Bare Metal Oscilloscope#
2024#
For my final project in my Microcontrollers and Microprocessors course, I developed an audio digital oscilloscope using a Texas Instruments TIVA C TM4C1294 microcontroller. The project was coded in C and the Hardware Abstraction Layer (HAL) was written from scratch in TI’s CCS IDE. A TFT display was used to display the audio signal. This course in general taught me not only to program in assembly and low level C, but also to effectively comb through very long datasheets.
Panel Method Solver#
2024#
The final project in my Aerodynamics course was supposed to be to code a potential flow simulator.
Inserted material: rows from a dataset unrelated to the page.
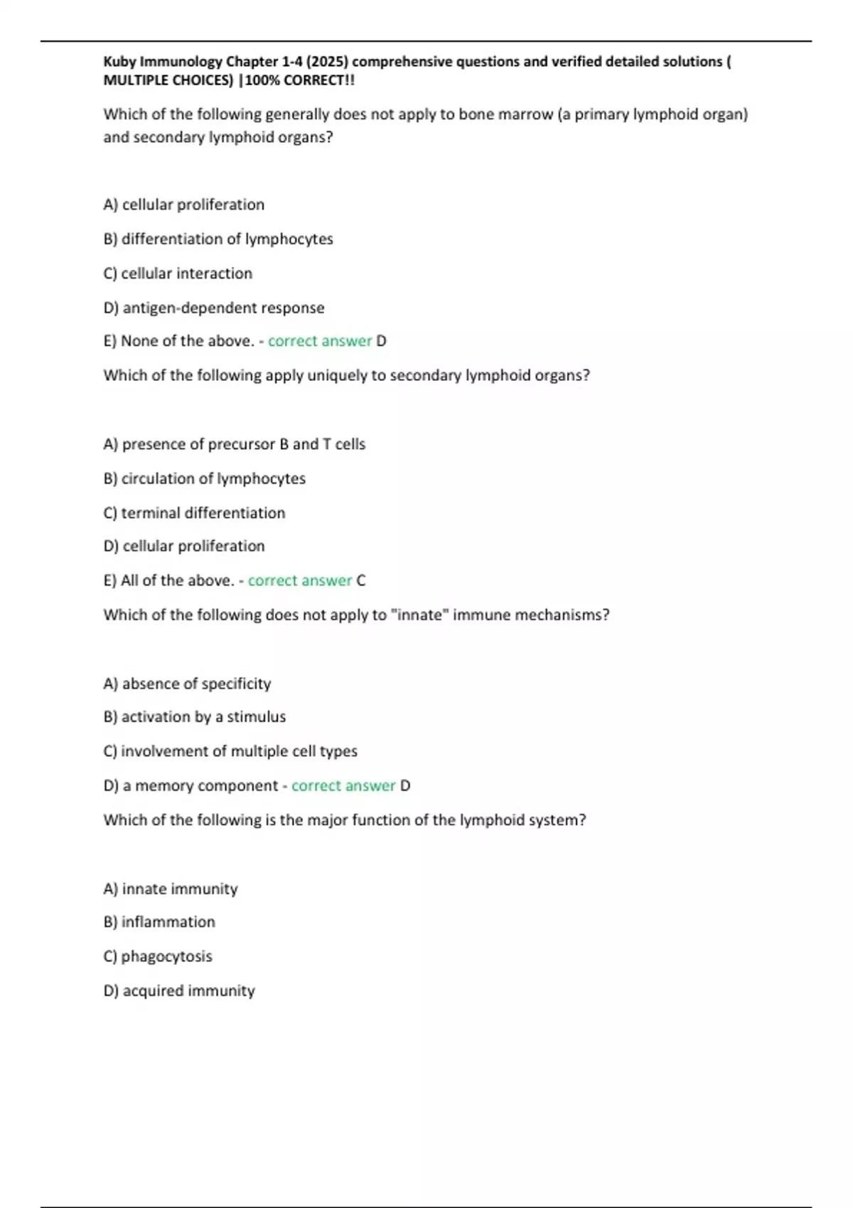 Kuby Immunology Chapter 1-4 (2025) comprehensive questions and verified detailed solutions ( MULTIPLE CHOICES) |100% CORRECT!!/Kuby Immunology Chapter 1-4 (2025) comprehensive questions and verified detailed solutions ( MULTIPLE CHOICES) |100% CORRECT!!/Kuby Immunology Chapter 1-4 (2025) comprehensive questions and verified detailed solutions ( MULTIPLE CHOICES) |100% CORRECT!!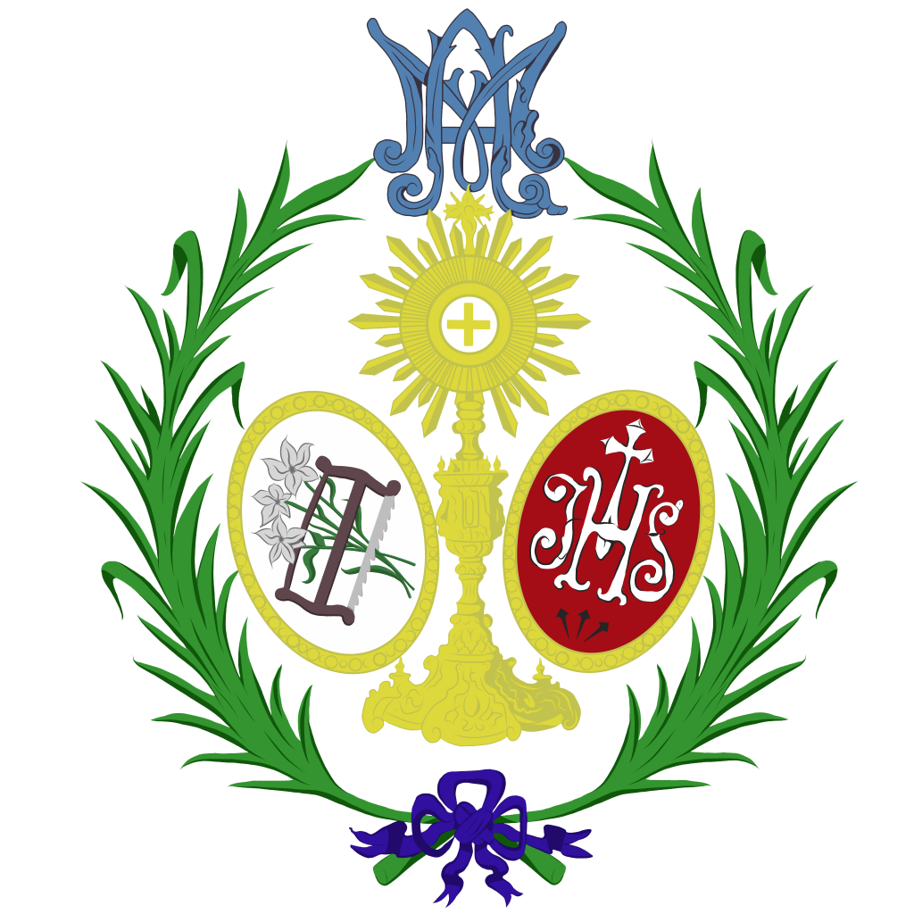 El escudo de la Hermandad se describe así: Custodia sacramental portando el Santísimo Sacramento, coronada por el anagrama del Ave María; a ambos lados de la custodia sendos escudetes ovales: el diestro ostenta la sierra y vara de azucenas, atributos de San José Obrero; el izquierdo ofrece el anagrama de Jesucristo Hombre Salvador, rematado con una Cruz, situándose bajo él los tres clavos de la crucifixión. Lateralmente y a cada uno de los lados encierra el conjunto sendas palmas que se cruzan en sus puntas inferiores.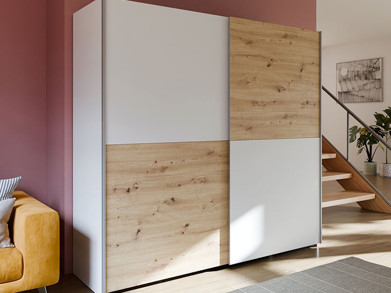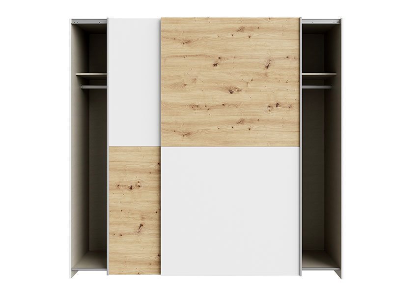 Tačan naziv dezena: korpus iverica bela, front iverica bela/artisan hrast. Model kliznog garderobera ŠAH 200 obećava enterijersku praktičnost i maksimalnu iskorišćenost prostora sa garderobnom šipkom i nosećom policom. Raspored dekora na frontovima se može odabrati prilikom montaže.   *Napomena: Cena je bez dodatne opreme. Preporučujemo Set polica za garderober ŠAH 200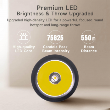 | Sorotan Jarak Jauh 1000 Lumens hingga 550 M NEXTORCH ED30 dirancang untuk menghasilkan cahaya yang fokus dan kuat, sehingga sangat efektif untuk kebutuhan pencahayaan jarak jauh. Output hingga 1000 Lumens memberikan visibilitas yang lebih baik saat digunakan di area terbuka, jalur gelap, lingkungan outdoor, atau saat inspeksi malam hari. Dengan jarak pancar hingga 550 M, senter ini sangat cocok untuk kebutuhan patroli, pencarian, navigasi, dan situasi darurat yang membutuhkan jangkauan cahaya maksimal. |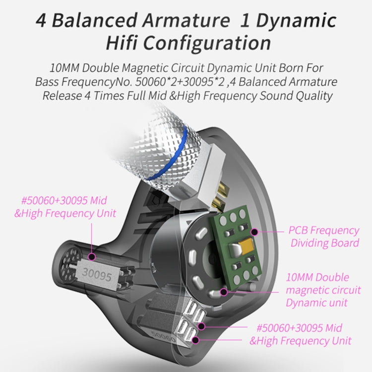 1. One side 1 dynamic 4 balanced armature configuration2. Mid & high frequency balanced armature unit3. Large...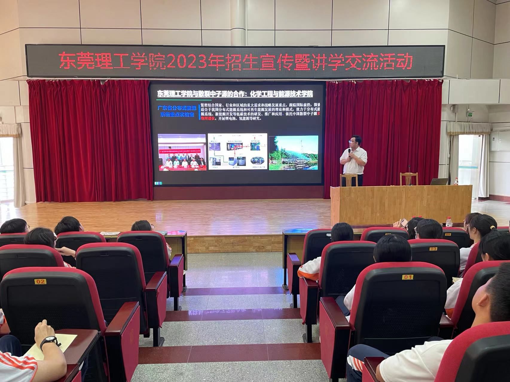活动期间,机械公司党委书记郭建文作题为“散裂中子源与松山湖科学城”主题宣讲,结合松山湖近年来经济、科技发展情况,并就公司、公司相关信息做了详细介绍,龙川县第一中学高二年级员工约200余人参加本次活动。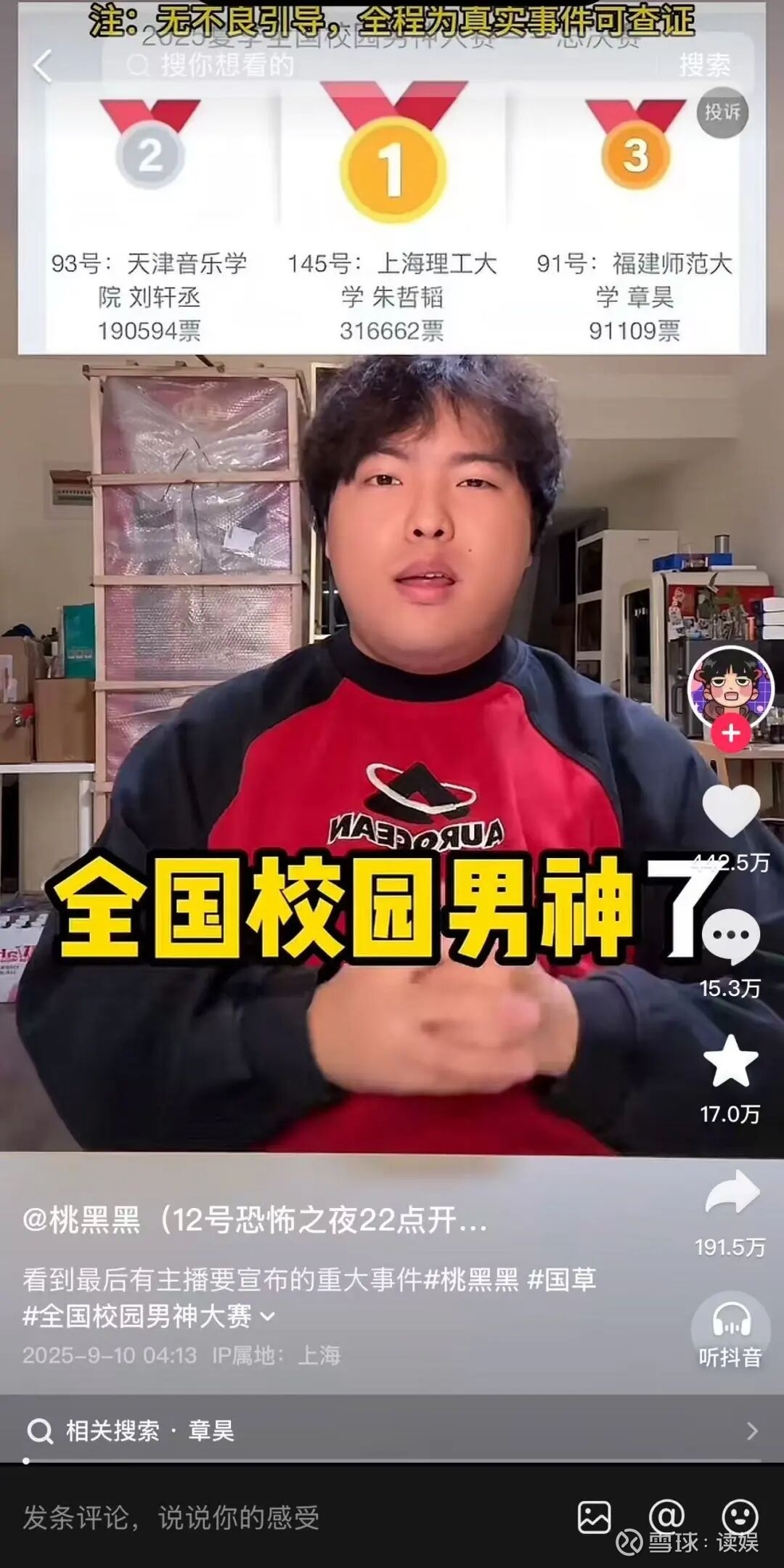 观众在他身上获得的不是知识增量,不是操作提升,而是一种“有人在那儿”的踏实感,以及和她们站在一起的嘴替,一个能与她们想说却没说出的话的共鸣者。这解释了为什么他临时取消《纸嫁衣》直播能上热搜,粉丝生气不是因为他“鸽”了,而是失落感作祟,她们习惯了一个人每天这个时间出现,今天他没来。也解释了为什么“校园男神大赛”事件中,粉丝会产生那么强的“逆反式”投票冲动,当桃黑黑说“别投了”,粉丝的潜台词是:我的喜欢不需要你批准。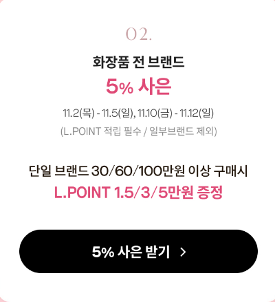 롯데백화점에서는 ‘슈퍼 뷰티 위크(11/2~11/12)’ 중 홀리데이 한정판을 포함해 총 130여 개 브랜드에서 화장품을 구매하면, 선착순으로 제공되는 최대 20% 금액 할인 쿠폰 혜택 외에도 매 주말(11/2~5, 11/10~12) 구매금액의 5% 상당을 엘포인트(L.POINT)로 적립해 주는 프로모션과 9일까지 ‘입생로랑 엉크르 드 뽀 쿠션’, ‘키엘 울트라 훼이셜 수분크림’ 등 베스트 상품을 구매하면, 선착순으로 구매금액의 최대 20%를 엘포인트로 증정하는 프로모션도 진행한다고 하니, 이번 슈퍼 뷰티 위크에 높은 할인과 구매 혜택 등으로 득템의 기회를 놓치지 않으시길 바랍니다.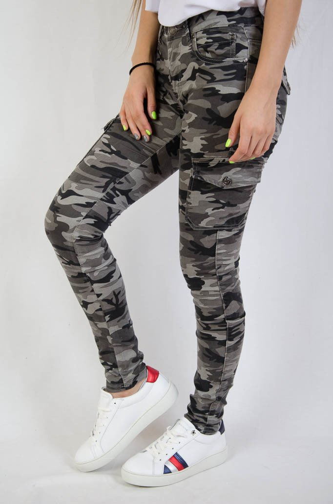 Spodnie moro z kieszeniami, idealnie przylegające.

Due to the complexity and the short amount of time left, the project was changed to simply simulate flow over an airfoil using a pre-existing solver. I decided to write a simulator myself regardless and I used the Panel Method to do so. The program is coded in Go and it takes data files with airfoil coordinates, as well as flow parameters through arguments.
PCPuma#
2022–2023#
Due to a student strike in autumn 2022, an oversight committee comprised by students, faculty administrators and university technical staff was created to improve wireless connectivity. In early 2023, I became a student representative and subsecuently, student coordinator in the connectivity committee. We oversaw the addition of around 30 additional wireless access points to the existing network and the expedition of a new network, PCPuma. I proposed an iniative to include students in PCPuma’s roll-out. More than 650 students across all 14 engineering bachelors signed up. A partnership with CISCO was established to provide training and issue technical diplomas to the participating students. Those who succesfully passed training where then put into work brigades which ended up configuring the network’s switches, writing testing scripts and measuring network performace across faculty grounds. In total, about 100 students participated and received certificates from the faculty.
Line Follower#
2023#
This line follower was built for the recruitment process into my faculty’s robotics club. The frame was 3D printed and held together with copper inserts and metric screws. A maximum of two reflectivity sensors were allowed. A ESP-32 microcontroller programmed with Arduino was used alongside two pololu motors. It was the only line follower that managed to follow the line smoothly
Matrix Solver#
2022#
This was the final project for my Introduction to Programming course. I developed a program written in C that can calculate the determinant of a square matrix of any size. This was my first approach to manual memory management and dynamic memory which were not part of the course. Matrix cofactors are calculated recursively.
Consejo Table#
2019#
This was the course project for my Design and Visual Communication (DVC) class during my senior year at Green Bay High School. Biomimicry was a central requirement in the course and during the first part of the academic year, I compiled photographs of nature during field visits. Particularly, I photographed leaves at the Domain Wintergardens. Through a few ideation stages, and with the influence of conic curves as well as constant client and stakeholder feedback, I landed on a steel, glass and MDF table design. Significant graphic material was rendered using Autodesk Inventor.